"I can calculate the movement of stars, but not the madness of men."
"This is what I fear most today: being bearish and so continuing to not make any money even as the monetary authorities shower us with the ill thought-out generosity of their stance and markets melt up. Our resistance of Fed generosity has been pretty costly for all of us so far. To keep resisting could end up being unforgivably costly."

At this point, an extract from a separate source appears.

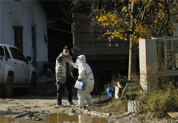11月25日中午,忙完第一輪核酸采集,再接到流調(diào)通知單后,王康又立馬帶著他的“小伙伴”前往三里社區(qū)為居家隔離人員做核酸檢測(cè),溝深路滑,因前幾日陰雨天氣路面濕滑,在上一處陡坡時(shí),車輪瞬間開始側(cè)滑,但是時(shí)間緊迫只能一試再試,大概試了20余次,在村上壓路車的幫助下,又試了兩次車子終于緩緩啟動(dòng)。喜悅之余他們就即刻趕往隔離群眾家中,“我們快一點(diǎn),再快一點(diǎn),就能讓等待的人少受一點(diǎn)冷”,這是“大白”們共同的心愿。
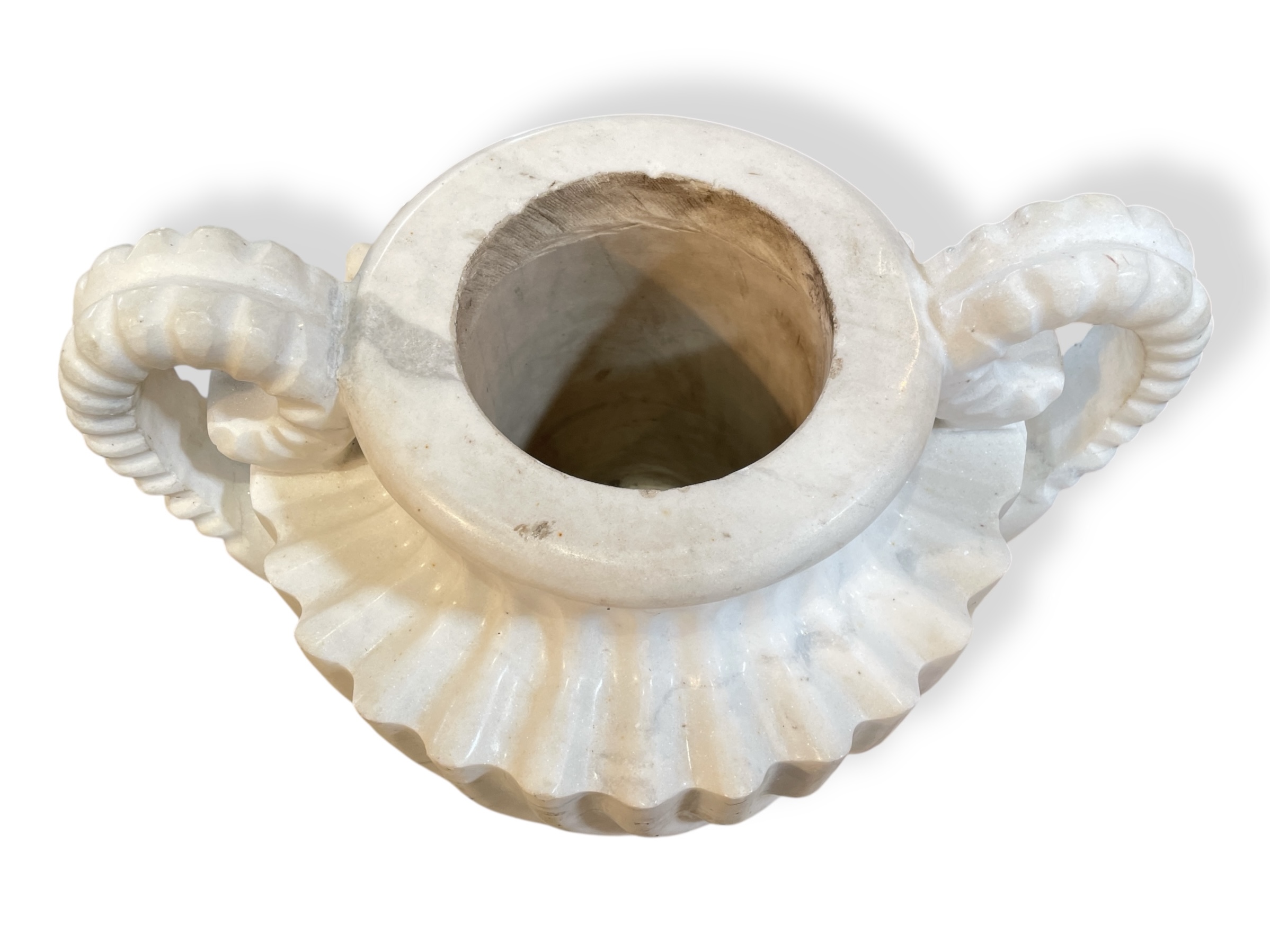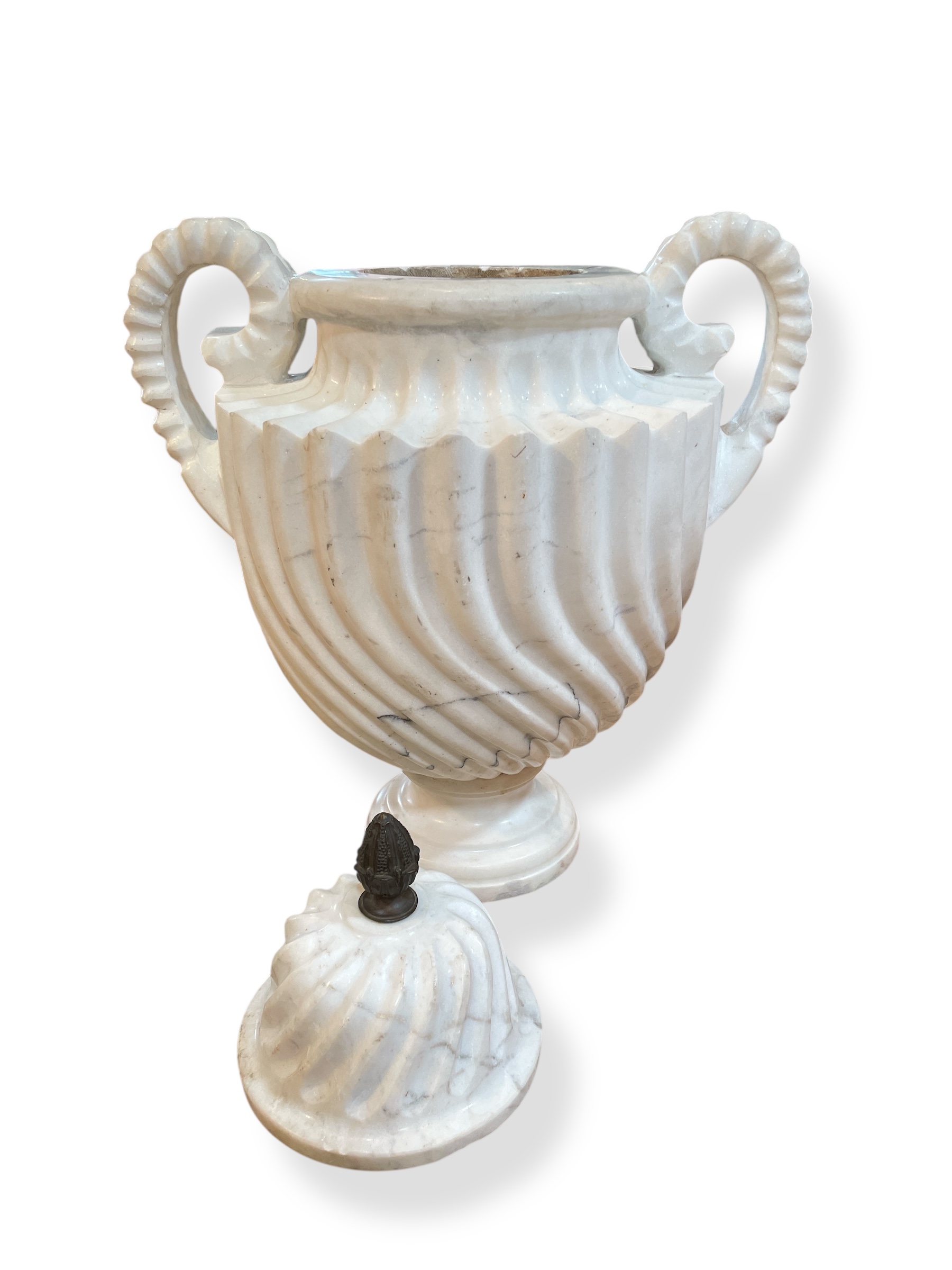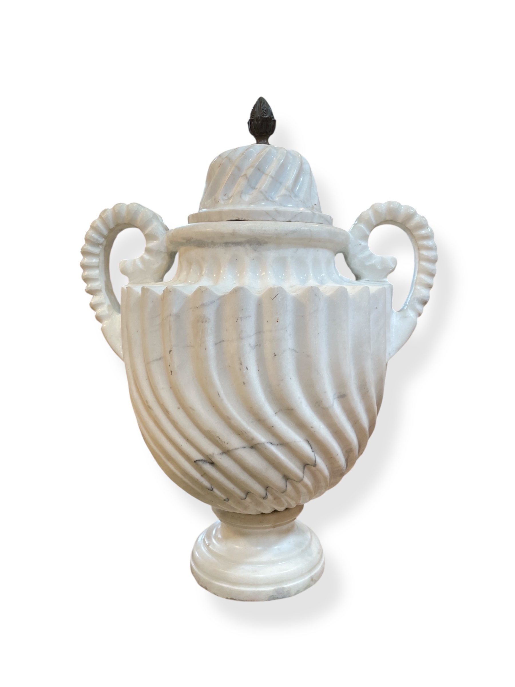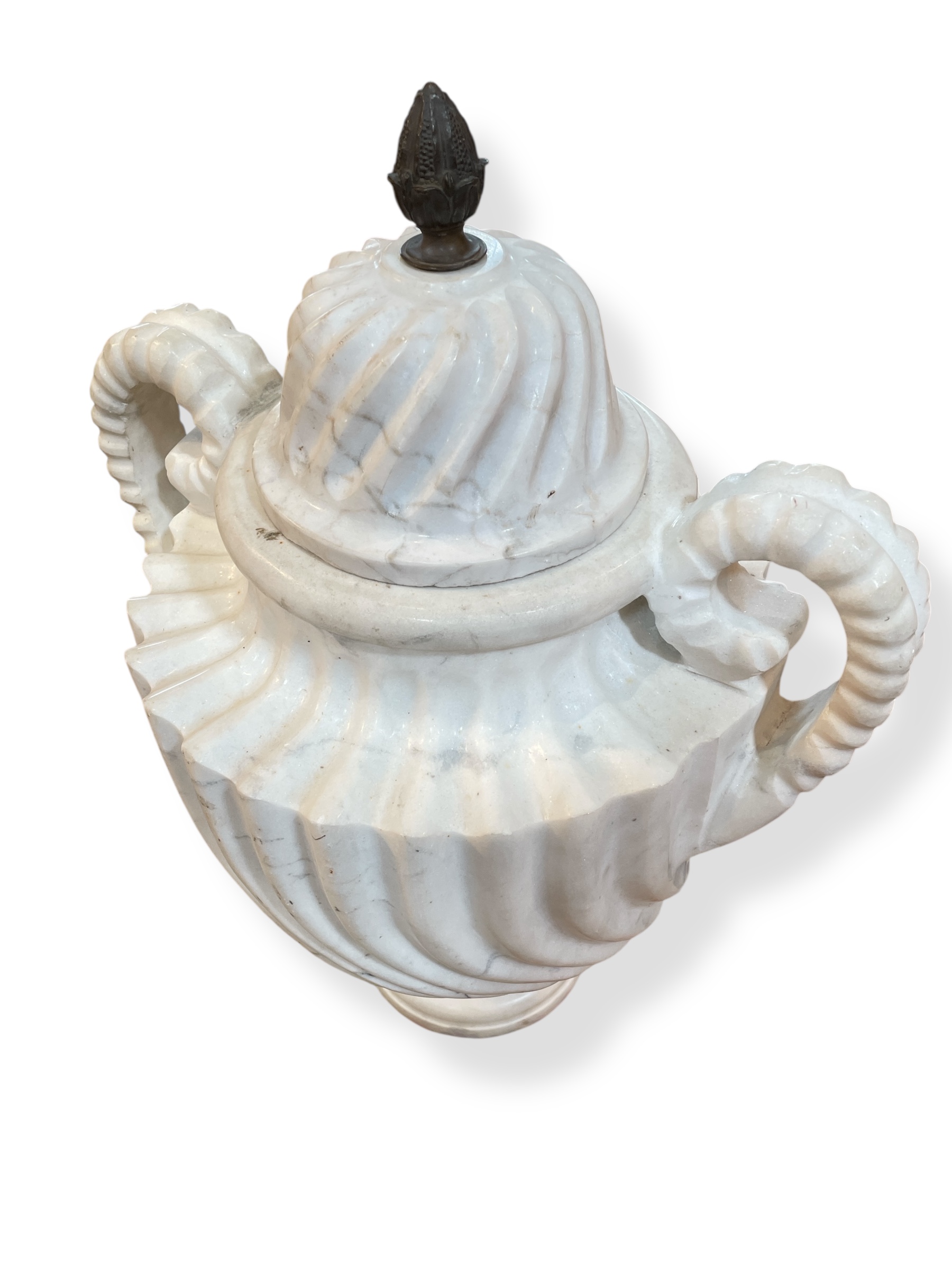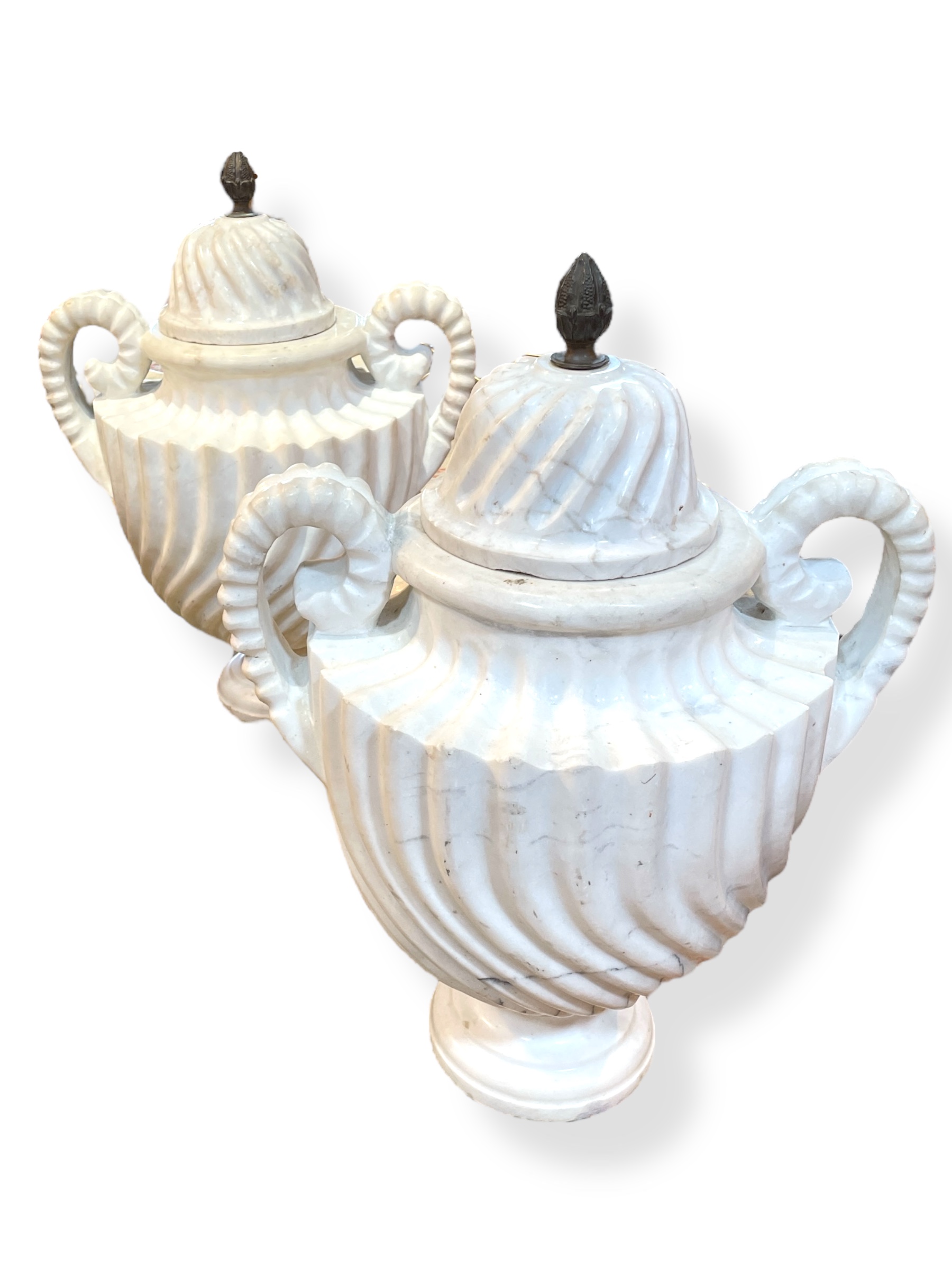 A pair of large neoclassical-style Carrara marble lidded urns with carved swirls.

"Just be long. Pretty much anything."
- In a world drowning in debt, if you must own bonds, own bonds issued by entities that can afford to pay you back;
- In a deleveraging world, favour the currencies of creditor countries over debtors;
- In a world beset by QE, if you must own equities, own equities supported by vast secular tailwinds and compelling valuations (for more on this, see this piece);
- Given the enormous macro uncertainties and entirely justifiable concerns about potential bubbles, diversify more broadly at an asset class level than simply across equity and bond investments; given the danger of central bank money-printing seemingly without limit, currency / inflation insurance should be a component of any balanced portfolio (even if deflation in western economies may be the more plausible immediate threat, as Russell Napier suggests, do we honestly think it won't be met by even more aggressive monetary stimulus from the brain donors at the central banks?);
- Forget conventional benchmarks. Bond indices encourage investors to over-own the most heavily indebted (and therefore objectively least creditworthy) borrowers. Equity benchmarks tend to push investors into owning yesterday's winners – at the high price that their popularity ensures.
"To buy when others are despondently selling and sell when others are greedily buying requires the greatest fortitude and pays the greatest reward."
"It is the long-term investor, he who most promotes the public interest, who will in practice come in for the most criticism. For it is in the essence of his behaviour that he should be eccentric, unconventional and rash in the eyes of average opinion."